Отчеканив фразу, Кузьма вдруг испугался.
– Стой, это не публикуй. Это не надо. И вообще, знаешь, ох… все эти интервью. Я их там никогда не давал. Нельзя было, и сейчас вот думаю, тоже зря мы это затеяли.
– Хорошо, – Катя улыбнулась и остановила диктофон. – Я вижу, вы немного устали. Давайте сделаем паузу. Проводите меня в гостиницу?
Как ни странно, Кузьма теперь испытал разочарование.
– Я тут пробуду некоторое время, – сказала Катя вкрадчиво. Было видно, что она хочет понравиться. – Еще не раз побеседуем, хорошо? Я бы также хотела обсудить с вашими друзьями. Вы сказали, тут есть несколько?
– Ну да. Пашу ты могла видеть утром, он со мной был. Потом Егор еще, хороший мужик. Никитка вот, молодой который, безрукий, ну, и этот к нам приблудился недавно, но он вроде на сезон только, не местный. Петр, сказал, зовут.
– Ясно.
Девушка начала собираться, Кузьма снова стал замечать ее красоту, и ему снова сделалось неловко.

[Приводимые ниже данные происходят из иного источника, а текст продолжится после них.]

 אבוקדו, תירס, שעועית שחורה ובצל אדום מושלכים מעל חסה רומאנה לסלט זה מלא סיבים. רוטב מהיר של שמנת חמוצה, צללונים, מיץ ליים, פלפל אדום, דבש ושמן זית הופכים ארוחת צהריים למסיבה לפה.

Вопросы журналистки заставили его задуматься, и теперь он возвращался к ним, проигрывал зачем-то варианты ответов. Он даже открыл было рот, чтобы спросить, можно ли что-то перезаписать, но потом подумал, что лучше скажет то, чего не успел, в следующих интервью. Они шагали к автовокзалу в молчании. К середине дня с моря пришли облака, и на поселок стала давить предгрозовая духота. Воздух стал пахнуть электричеством.
– Вы не волнуйтесь, это у всех так, – сказала Катя, когда пришли к камерам хранения.
– Как?
– Все переживают, что сказали лишнего или не так сказали. Вы потом сможете вычитать. Тем более это не для прессы, а для книги, там еще редактор что-нибудь поправит, так что все хорошо будет. – Она улыбалась.

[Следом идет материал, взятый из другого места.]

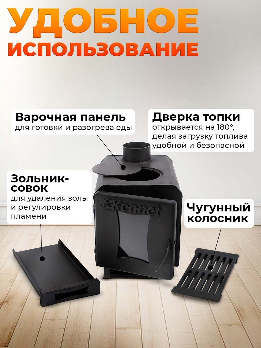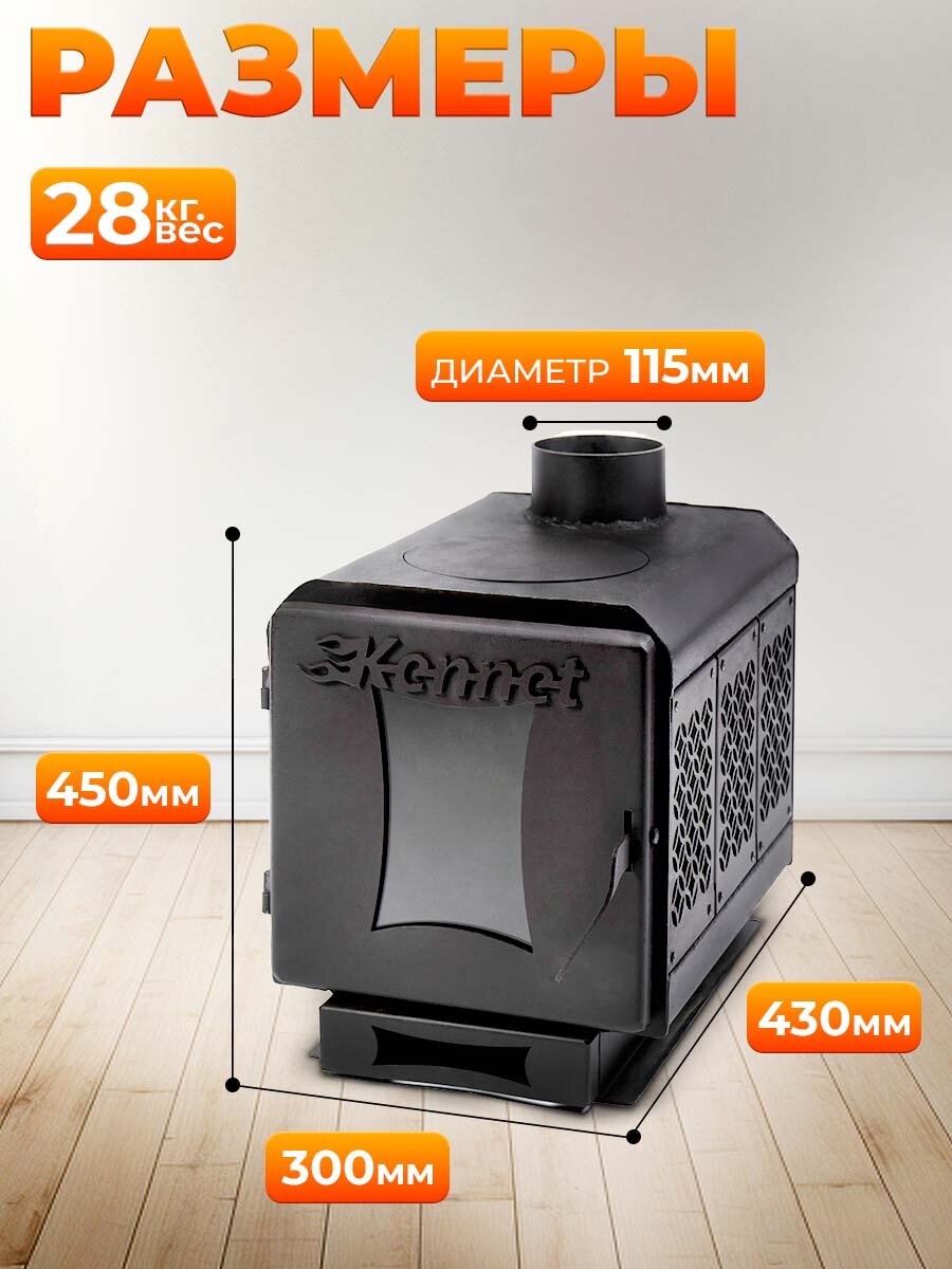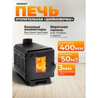 Отопительная печь Kennet Дюймовочка 50 - это конвекционная печь с варочной панелью, предназначенная для отопления помещений объемом до 50 м3. Любители дачного отдыха и владельцы частных домов оценят удобство и практичность данной печи. Она поможет снизить затраты на оплату газового или электрического теплоснабжения, предоставляя альтернативный источник тепла для вашего дома или дачи. Это отличное решение для тех, кто ищет автономную, надежную и доступную систему отопления. Работает на дровах Печь Kennet Дюймовочка 50 работает на дровах. Этот вид топлива является одним из самых доступных и обеспечивает эффективное отопление. Горение древесины не выделяет вредных выбросов и не оказывает негативного влияния на окружающую среду. Геометрия топки и боковые конвекторы печи, обеспечивают равномерное распределение тепла по помещению и минимизируют расход топлива. Компактная Габариты печи составляют 450 мм (высота) х 300 мм (ширина) х 430 мм (глубина). Вес печи составляет 28 кг. Благодаря компактным размерам печку можно легко установить даже в небольших помещениях. Диаметр дымохода равен 115 мм, и является стандартным, что делает монтаж дымохода проще и удобнее. Подходит для приготовления пищи Одной из особенностей печи является наличие варочной поверхности на верхней части панели с двумя стальными кругами. Это позволяет готовить и разогревать пищу прямо на печи, делая ее универсальным инструментом в домашней кухне или на даче. А наличие колец позволяет использовать посуду различного размера. Стильная Печь Kennet Дюймовочка 50 обладает оригинальным дизайном, который станет прекрасным дополнением к интерьеру вашего дома. Резные боковые панели придают ей элегантный и изысканный вид. В центре дверки есть окошко из жаропрочного стекла ROBAX®, толщиной 4,0 мм, которое позволяет наблюдать процесс горения внутри печи. Безопасная Дверца топки открывается на 180°, что упрощает процесс загрузки топлива. Механизм запирания надежно фиксирует дверку, обеспечивая безопасность и надежность использования. Под топкой расположен зольник с выдвижным ящиком, что облегчает удаление золы без прерывания работы печи. Поставляется с чугунным колосником Комплект поставки включает чугунный колосник. Благодаря колоснику топливо остается на нужном уровне и регулируется по мере необходимости, обеспечивая оптимальные условия горения. Он также способствует равномерному распределению воздуха и топлива внутри топочной камеры. Помогает достичь более полного и эффективного сгорания топлива, повышая КПД печи и минимизируя выбросы вредных веществ. Колосник также служит для защиты стенок печи от прямого контакта с топливом. Имеет дефлектор Печь отопительная Kennet Дюймовочка 50 имеет дефлектор, который отделяет пространство топливника от патрубка дымохода. Он экранирует прямое излучение на дымоход, предотвращает избыточную тягу и нормализует процесс горения. Печь отопительная Kennet Дюймовочка 50 представляет собой автономное отопительное решение, которое идеально подходит для отопления дома, дачи, гаража или других частных помещений. Она сочетает в себе функции отопительного прибора и плиты, обеспечивая максимальный комфорт и удобство в использовании.

– Да я не волнуюсь. Вообще давай на “ты”, у нас тут не особо в Краю принято выкать.
– А что у вас тут принято, какие традиции есть?

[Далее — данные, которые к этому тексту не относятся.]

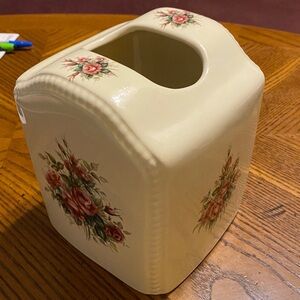 Vintage 1980’s Tissue Box Holder In Excellent Condition. Beautiful roses adorn the sides and top for a beautiful piece of cottage core / shabby chic decor.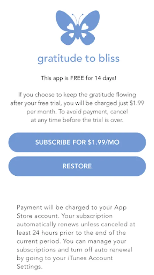 The Gratitude to Bliss App will give you 14 days of free trial to practice gratitude.

Вопрос привел Кузьму в замешательство, и он растерянно поглядел по сторонам. Они находились в обшарпанной маленькой комнате с низкими потолками. Сонная женщина, принимавшая и выдававшая вещи, вряд ли могла бы подсказать, да и у Кузьмы не пробуждались никакие воспоминания. Он забросил на плечо Катину дорожную сумку и покатил одной рукой маленький розовый чемоданчик с мордой какого-то котика и цветочком.
– Да какие тут традиции… – вздохнул он после минуты раздумий. – Туристов все обдирают с мая по сентябрь, потом ничего не делают. Я-то это… кафешку вон держал, комнату, бывало, приезжим сдавал – мое дело простое. Было. Теперь вот дед мне говорит: сдавать не будем, а Санек взял да кинул… Ладно, – он махнул рукой. Катя молча слушала. – Русские с чертями, бывает, в контрах, но это не потому, что мы такие плохие. Тут как: некоторые с давних веков жили. Вот те, которые древние, те нормальные. Живут в своей деревушке отдельной, баранов держат, людям не мешают. А новые – наглые, приехали не пойми откуда, и все с деньгами, вот это для нас особенно удивительно! Правда, – спохватился Кузьма, – меня тут давно не было. Может быть, что и поменялось.
Катя понимающе улыбнулась, но ничего не сказала. Наверное, подумал Кузьма, в Москве слишком привыкли к чертям и уже так не беспокоятся. Впрочем, он-то понимал, что о девчонке придется позаботиться.
– Вот что. Давай-ка я к тебе кого-то из ребят приставлю. Никитку, например, он молодой.
– Это зачем? – Катя даже остановилась. Впервые ее голос и лицо перестали источать нежность и приветливость.
– Ну как зачем? Для безопасности.
– Для какой еще безопасности? Тут разве полиции нет?
– Кого? Милиции, что ли? Есть, да толку с них? Ты это, не обижайся, слушай…
Они пошли дальше. Катя хмурилась. Борька озадаченно смотрел на людей.
– Я ж беспокоюсь, чтоб ничего не случилось, понимаешь?
– Понимаю. Но это уже как-то слишком. Я сама о себе позабочусь.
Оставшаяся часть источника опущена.